Today is the kind of day where thoughts run rampant. My mind is busy. It has been a tangled mess of thoughts for a few weeks. I can’t keep them straight and they are ever moving; ever changing.
My job is done in less than a week. I can’t help but be scared. I’m nervous about being unemployed again. The first time was only a couple of months; I was very lucky. The economy is much worse now. It seems right now that I know more people who are out of a job than I do people with jobs. I am definitely worried.
For my own sake I’ll try to keep a positive attitude. It is a good example for the boys. And while I’m out of work I can work on school and work on sorting things out like I always want to. I can take care of the things I never really have time to do… Maybe. It depends on how long the idle process is. I’m really hoping it’s not too long. Not holding my breath, but definitely crossing my fingers.
The rumor is that the company I used to work for is not doing well and might have to close their doors. It wouldn’t make me a good person to be happy about this, but for some reason I feel secretly vindicated. I don’t know where these feelings come from, because I don’t see myself as that mean of a person. To silently wish failure on so many people.
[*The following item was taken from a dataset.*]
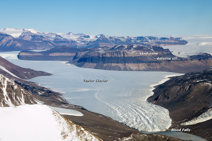 While flying over Antarctica aboard a P-3 aircraft in November 2013, Operation IceBridge project scientist Michael Studinger took this photograph (top) of Taylor Valley, one of Antarctica’s unique dry valleys. Home to Taylor Glacier, striking rock outcrops, and Blood Falls, the valley is one of the most remote and geologically exotic places in the world. While ice and snow covers most of Antarctica, Taylor Valley and the other dry valleys are conspicuously bare. Inland mountains—the Transantarctic Range—force moisture out of the air as it passes over, leaving the valley in a precipitation shadow. The lack of precipitation leaves dramatic sequences of exposed rock. In both the satellite image and photograph, the tan bands are sandstone layers from the Beacon Supergroup, a series of sedimentary rock layers formed at the bottom of a shallow sea between 250 million and 400 million years ago. Throughout that period, Earth’s southern continents were locked into the supercontinent Gondwana. The dark band of rock that divides the sandstone is dolerite (sometimes called diabase), a volcanic rock that forms underground. The distinctive dolerite intrusion—or sill—is a remnant of a massive volcanic plumbing system that produced major eruptions about 180 million years ago. The eruptions likely helped tear Gondwana apart. The dominant feature in the photograph—Taylor Glacier—is notable as well. Like other glaciers in the Dry Valleys, it is “cold-based,” meaning its bottom is frozen to the ground below. The rest of the world’s glaciers are “wet-based,” meaning they scrape over the bedrock, picking up and leaving obvious piles of debris (moraines) along their edges.€

I am still bitter towards the management of the company but only because I feel they made a bad decision in firing me. I need to get rid of that entitlement feeling. If the company closes, there will be about 75 people out of a job. 75 families out of insurance. 75 families left wondering what to do next. I know that feeling. It’s not a good one. That’s why it makes me angry that I am even entertaining any other thought than sadness. I have friends who still work there. Maybe if the management could be the only ones who failed? LOL I know that’s not how it works. All or nothing. I will get over it. It’s not healthy to harbor these feelings.
I’ve made it my goal this year to be a happier person. I have prevailed, in my opinion. I have attempted to make the best of out all the tough spots I’ve been in, whether it is my car taking a crap three times in a month, or whether it’s my job coming to an end. In life you need to make the choice whether you let the negative things get you down or not. Sure, the bumps in the road are sometimes more like sinkholes, but there is another side. There has to be. What would we fight for then?
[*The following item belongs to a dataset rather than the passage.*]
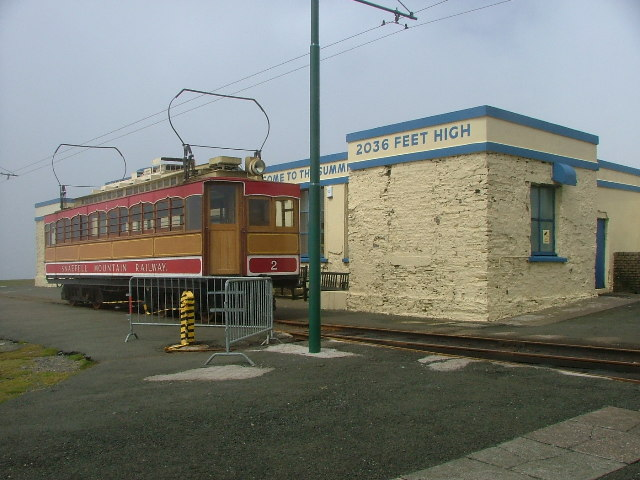 Snaefell Summit Station. 2036 Feet High

I have been lucky in life. I could dwell on the bad things that have happened, and I could obsess about the bad choices I have made. But I won’t. It kind of sounds like an oxymoron to type this, given the ranting I just did a couple of paragraphs up. That sure sounded like dwelling to me. I need to take my own advice. Life is not fair sometimes. But life’s what you make it (To quote the ever annoying Hannah Montana)
At times I think about my kids. I wonder what they will think when they get older; if they will appreciate the things I’ve had to go through to make things work… Or if they will resent me for not being able to give them more. It’s not like they are ragamuffin kids wearing rags and holy shoes. Two of them have cell phones (In fact one of them has a nicer phone than I do); they go to as many functions as they can; they are social when they choose to be. I hope it’s enough. I’ve dated guys who complain about how their mothers are/were, and it worries me. I do not want my sons to grow up to be those whiny men. I want them to be strong, and responsible, and nurturing. I don’t really have a way of knowing any of this until that time comes. And hopefully I have done things right. Wish I had a mirror to look around that corner, that’s for sure!!
What a depressing update. Believe it or not I’m not sad right now. There is just so much going on up “Here” (Waves hands around head frantically) I need to get it out. It’s consuming me.
I’ll continue to fight the good fight, and strive to make good choices.